The so-called "Star Wars" compound is actually made up of *three* elements: STAR, EARTH, and WATER DROPS. The best designation for it is STAR-over-EARTH. The only contexts I can think of where the water droplets are absent are on the Vases of the Seven and Eleven Gods (Kerr Numbers 2796 and 7750 respectively) where the sign appears on the bundles placed before the rows of gods who sit facing God L in the underworld on the Era Day 4 Ajaw 8 Kumk'u. But I think these signs are the same here, and they refer to the bundling/completion of 'nine destructions'. Make of that what you will, if you like the notion of sequential creations in relation to five times 5200 tuns, and then twice that. But let's not speak of precession or 2012.
I am confident that the DESTRUCTION logogram includes at a minimum the STAR part and the EARTH part, and, with the exception above, also has the WATER DROPS element. I also consider this latter to be a phonetic complement. If Erik wants to jump in and share his excellent suggested reading, then he should be the one to debut it. I am persuaded that it is a single CVC root and that it includes neither the word 'star' nor the word 'earth'. Nor is it a specific reference to flooding or submerging into water, although the Tikal Burial 116 canoe scenes (which feature the verb) suggest this. I think it means 'destruction' or 'collapse' in all contexts.
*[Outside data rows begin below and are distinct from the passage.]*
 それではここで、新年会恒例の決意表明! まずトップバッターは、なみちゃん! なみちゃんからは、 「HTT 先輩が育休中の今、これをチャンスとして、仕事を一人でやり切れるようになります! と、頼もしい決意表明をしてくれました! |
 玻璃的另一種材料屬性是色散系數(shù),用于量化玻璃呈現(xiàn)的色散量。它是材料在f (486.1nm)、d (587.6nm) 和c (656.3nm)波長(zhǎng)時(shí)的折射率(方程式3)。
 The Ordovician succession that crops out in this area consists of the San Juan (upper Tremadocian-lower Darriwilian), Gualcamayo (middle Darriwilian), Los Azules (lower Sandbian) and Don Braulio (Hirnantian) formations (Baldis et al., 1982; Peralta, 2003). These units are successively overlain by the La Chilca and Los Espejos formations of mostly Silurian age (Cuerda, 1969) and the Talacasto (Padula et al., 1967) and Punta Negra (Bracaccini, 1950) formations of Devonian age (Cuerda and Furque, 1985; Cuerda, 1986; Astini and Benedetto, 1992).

But sometimes instead of EARTH we see the name of a city, or we see the syllable /yi/ --which I understand to be a portmanteau providing the final consonant of the root (but it's not CH(')AY) plus the intransitive -i. These we may assume are superimposed on the EARTH sign. The script has many examples of this superimposition.
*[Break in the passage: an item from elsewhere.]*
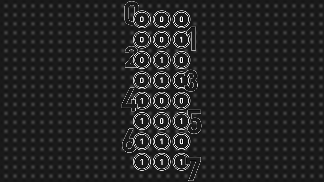 这样,仅用三枚硬币,就能同时携带 0~7 这 8 个数字的信息。
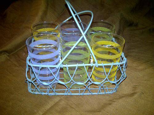 Basket 240mm x 200mm 6 compartments with set of 6 glasses .

Lloyd has given an excellent summary of the problem epigraphers face in deciding whether an element within or attached to a sign changes its meaning. Some of these do and some do not, but there are means requiring patience and serious study to sort them out. He is also spot-on in noting that many signs may rotate without change of meaning. Usually this rotation is between prefix and superfix, or between postfix and suffix. Sometimes what one considers is which part of the affix adheres to the main sign. There really isn't a huge inventory of inverted (or rotated-180-degrees) signs with change in meaning as my earlier comment suggested. But in no case does inversion *reverse* the meaning.
In the case of the inverted moon sign appearing with some references to lunar conjunction, I suspect this is an image of the last visible waning crescent before it disappears.